Проводы проходили в общежитии № 1 ЛСХИ, мои соседи по комнате Серега Петросян и Алик Курбанов, а также их друзья – почти все армяне по национальности приготовили царские кушанья: шашлыки, люля-кебаб, долму. Мама очень удивлялась всему этому, она рассчитывала на то, что ей придется целый день простоять у плиты, но когда она утром зашла в комнату, то ребята отправили ее отдыхать. Проводы прошли весело, до самого утра гуляли по г. Пушкину (там расположен ЛСХИ). Мама собрала мне немного вещей, при этом станок она купила мне один из самых дешевых, показывая его мне, она сказала, что у меня он все равно потеряется.
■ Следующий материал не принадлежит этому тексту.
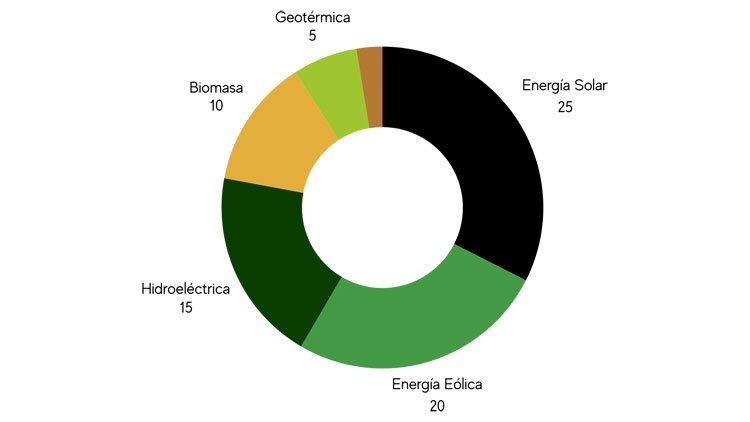 Las energías renovables desempeñan un papel clave en la transición hacia un futuro más sostenible. Actualmente, la energía solar representa aproximadamente el 25% de la generación renovable, seguida por la energía eólica con un 20%. La hidroeléctrica aporta cerca del 15%, mientras que la biomasa contribuye con un 10%. Por su parte, la energía geotérmica representa el 5%, y las fuentes provenientes de olas y mareas suman alrededor del 2%. Este panorama demuestra la creciente diversificación de fuentes limpias y su importancia en la reducción de la dependencia de los combustibles fósiles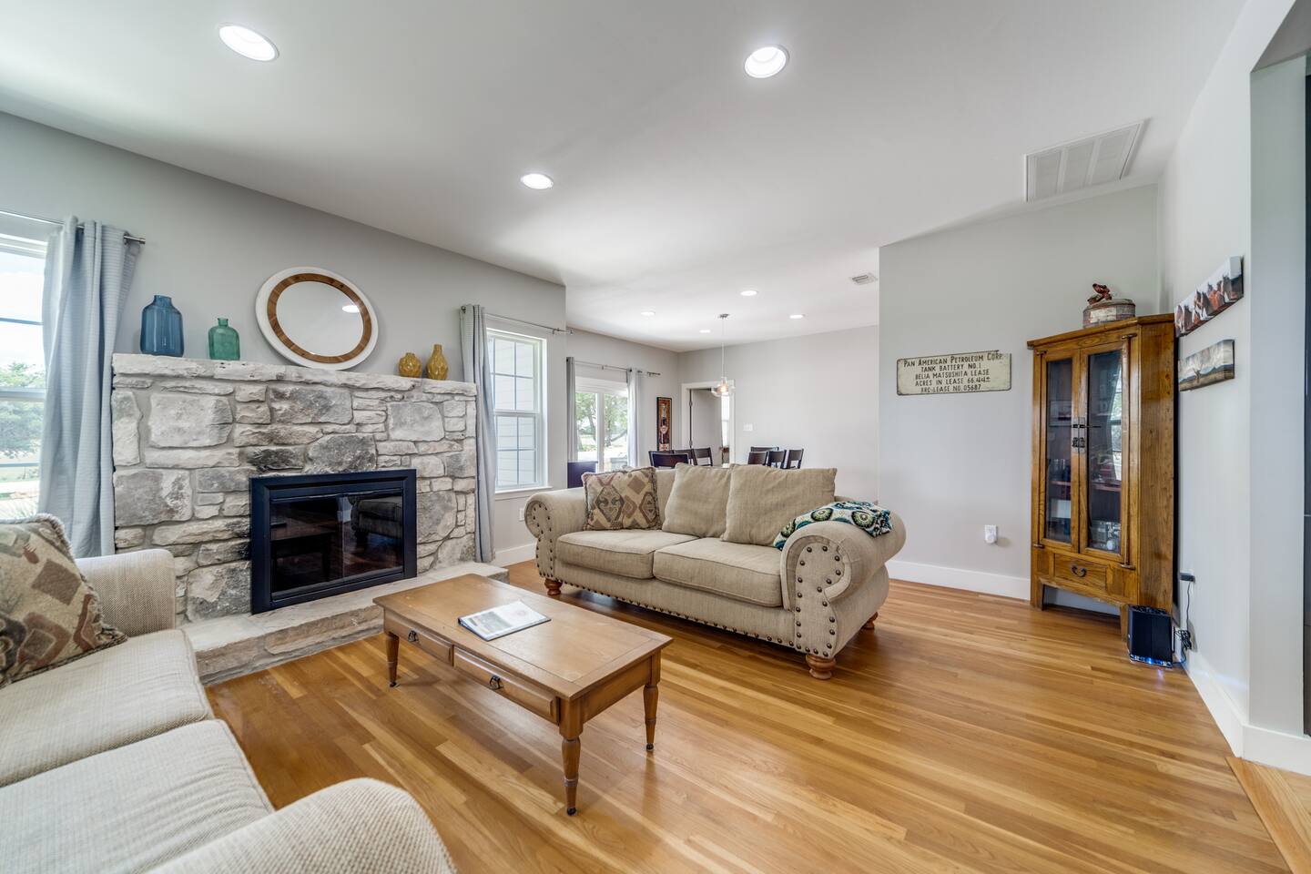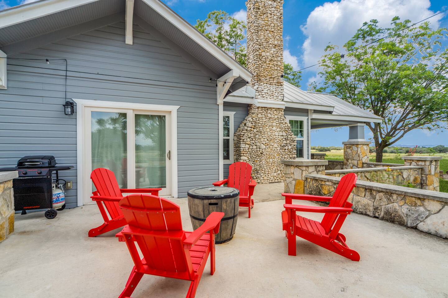 We have a beautiful wrapping porch that has gorgeous views of the hill country with a nice breeze. We also have a natural and propane fire pit to enjoy underneath the stars. Grill your meal on our patio for a memorable group gathering.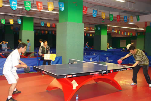 下圖為2014年6月17日,進行的羽毛球和乒乓球的比賽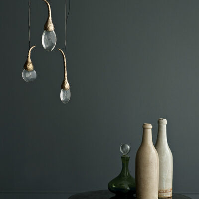Installation with solid cast bronze buds in polished bronze or satin nickel finish, each housing a glass drop illuminated by LED.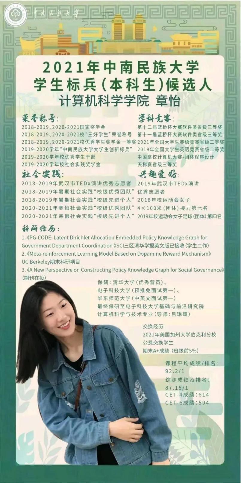 章怡,来自计算机科学学院,保研至电子科技大学基础与前沿研究院计算机科学与技术专业。课程平均成绩/排名92.2/1;综测成绩及排名87.15/1。曾作为公费交换学生前往美国加州大学伯克利分校学习。获国家奖学金、优秀学生奖学金一等奖等荣誉;获全国大学生英语竞赛省级二等奖、中国高校计算机大赛-团体程序设计天梯赛省级三等奖等奖项。以学生二作发表的论文被SCI三区清华学报英文版接收。

Утром 24 июня 1988 г. автобус отвез меня вместе с другими призывниками в г. Ленинград на проспект Обуховской обороны в ДК завода «Пигмент». Через пару часов нас распределили по командам и отпустили до 16 часов гулять. В моей команде № 895 было человек тридцать, я и еще трое ребят зашли в магазин, где мы купили две бутылки водки «Столичная» и устроились выпить и закусить у Володарского моста. Плавали корабли по Неве, а нам было чрезвычайно приятно наслаждаться в этот солнечный день последними днями свободы. Вечером нашу команду отправили на вокзал к поезду до Москвы, бравый усатый капитан, так и не сказал, куда же нас везут. Ехали в общем вагоне, народу до ужаса много, спал на третьей полке. В Москве стало известно, что везут нас в Самарканд, а ехать туда трое суток.
В Москве за ожиданием прошел целый день, показавшийся вечностью. Казанский вокзал был грязным, единственное, что меня отвлекло, так это матч чемпионата Европы СССР - Голландия. Наши проиграли, народ в зале ожидания ругался, пил пиво, водку. Почти в полночь сели в поезд до Самарканда. Вагон общий, вонючий, забитый битком, мое место правда лучше, чем в поезде до Москвы, еду на верхней полке. На второй день пути наступает страшная жара, вагон наполняют лица неизвестных народностей, мусор везде, в туалет ходят не закрывая двери, иногда прямо на пол.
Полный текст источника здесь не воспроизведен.